Activity: The records below hold a stretch from the line with "粒子の粗い赤土を使用すること" through the line with "Regal Scrollwork Passage"; return exactly those lines, ends included, and nothing more.

Data extracts:
* * *
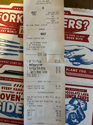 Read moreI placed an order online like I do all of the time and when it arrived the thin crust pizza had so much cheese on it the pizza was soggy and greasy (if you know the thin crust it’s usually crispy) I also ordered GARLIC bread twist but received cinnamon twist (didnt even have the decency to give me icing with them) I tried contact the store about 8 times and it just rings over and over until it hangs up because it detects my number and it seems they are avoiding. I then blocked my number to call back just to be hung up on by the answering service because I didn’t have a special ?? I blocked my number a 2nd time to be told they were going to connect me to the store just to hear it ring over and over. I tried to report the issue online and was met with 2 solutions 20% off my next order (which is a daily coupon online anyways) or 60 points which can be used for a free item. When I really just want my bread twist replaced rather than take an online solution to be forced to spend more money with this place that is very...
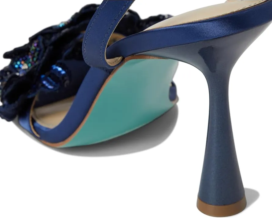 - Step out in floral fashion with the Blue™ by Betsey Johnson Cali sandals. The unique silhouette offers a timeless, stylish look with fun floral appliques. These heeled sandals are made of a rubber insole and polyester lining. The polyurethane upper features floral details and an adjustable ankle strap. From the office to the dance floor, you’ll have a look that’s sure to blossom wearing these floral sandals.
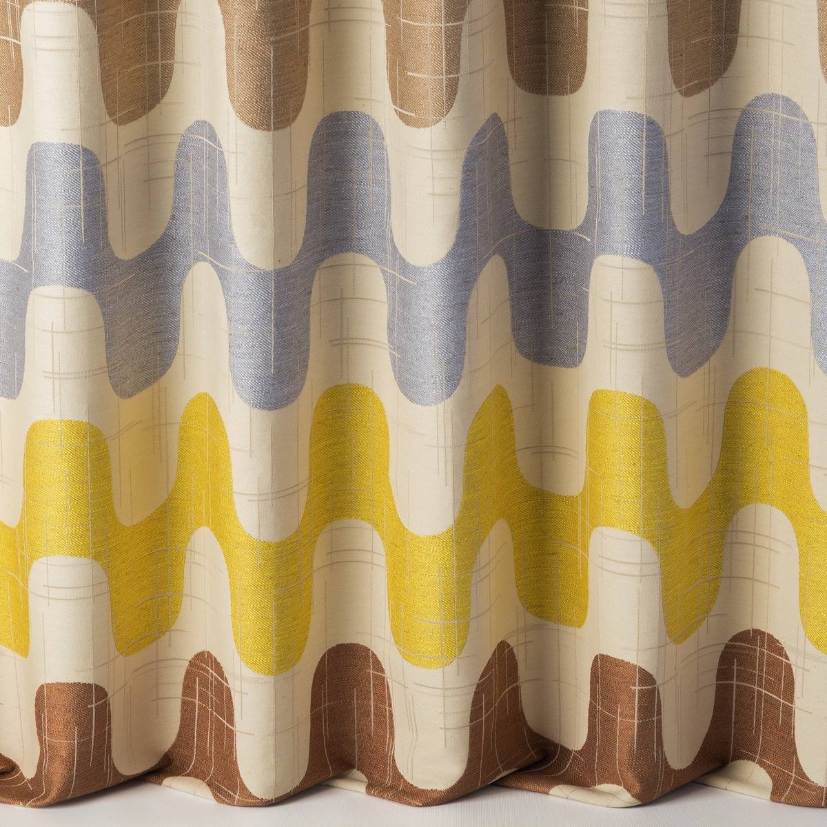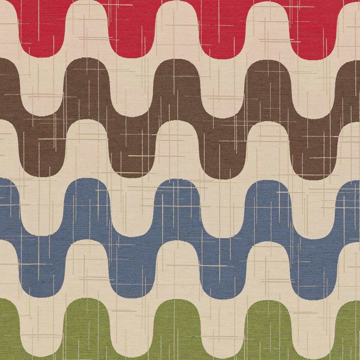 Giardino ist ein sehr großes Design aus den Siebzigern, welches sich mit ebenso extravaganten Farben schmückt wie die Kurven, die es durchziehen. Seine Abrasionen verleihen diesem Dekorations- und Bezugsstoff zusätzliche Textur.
* * *
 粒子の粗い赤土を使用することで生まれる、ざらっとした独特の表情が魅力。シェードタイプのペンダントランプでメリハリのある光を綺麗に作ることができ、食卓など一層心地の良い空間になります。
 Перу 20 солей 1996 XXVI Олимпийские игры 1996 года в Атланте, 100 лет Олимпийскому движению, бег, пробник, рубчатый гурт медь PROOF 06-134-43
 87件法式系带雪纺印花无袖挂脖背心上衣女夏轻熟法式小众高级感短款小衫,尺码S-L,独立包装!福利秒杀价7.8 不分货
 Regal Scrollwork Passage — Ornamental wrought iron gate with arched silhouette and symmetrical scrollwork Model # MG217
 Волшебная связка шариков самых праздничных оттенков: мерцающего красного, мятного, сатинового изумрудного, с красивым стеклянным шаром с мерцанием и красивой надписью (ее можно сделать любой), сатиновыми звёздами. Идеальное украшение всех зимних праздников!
* * *
Answer area:
 粒子の粗い赤土を使用することで生まれる、ざらっとした独特の表情が魅力。シェードタイプのペンダントランプでメリハリのある光を綺麗に作ることができ、食卓など一層心地の良い空間になります。
 Перу 20 солей 1996 XXVI Олимпийские игры 1996 года в Атланте, 100 лет Олимпийскому движению, бег, пробник, рубчатый гурт медь PROOF 06-134-43
 87件法式系带雪纺印花无袖挂脖背心上衣女夏轻熟法式小众高级感短款小衫,尺码S-L,独立包装!福利秒杀价7.8 不分货
 Regal Scrollwork Passage — Ornamental wrought iron gate with arched silhouette and symmetrical scrollwork Model # MG217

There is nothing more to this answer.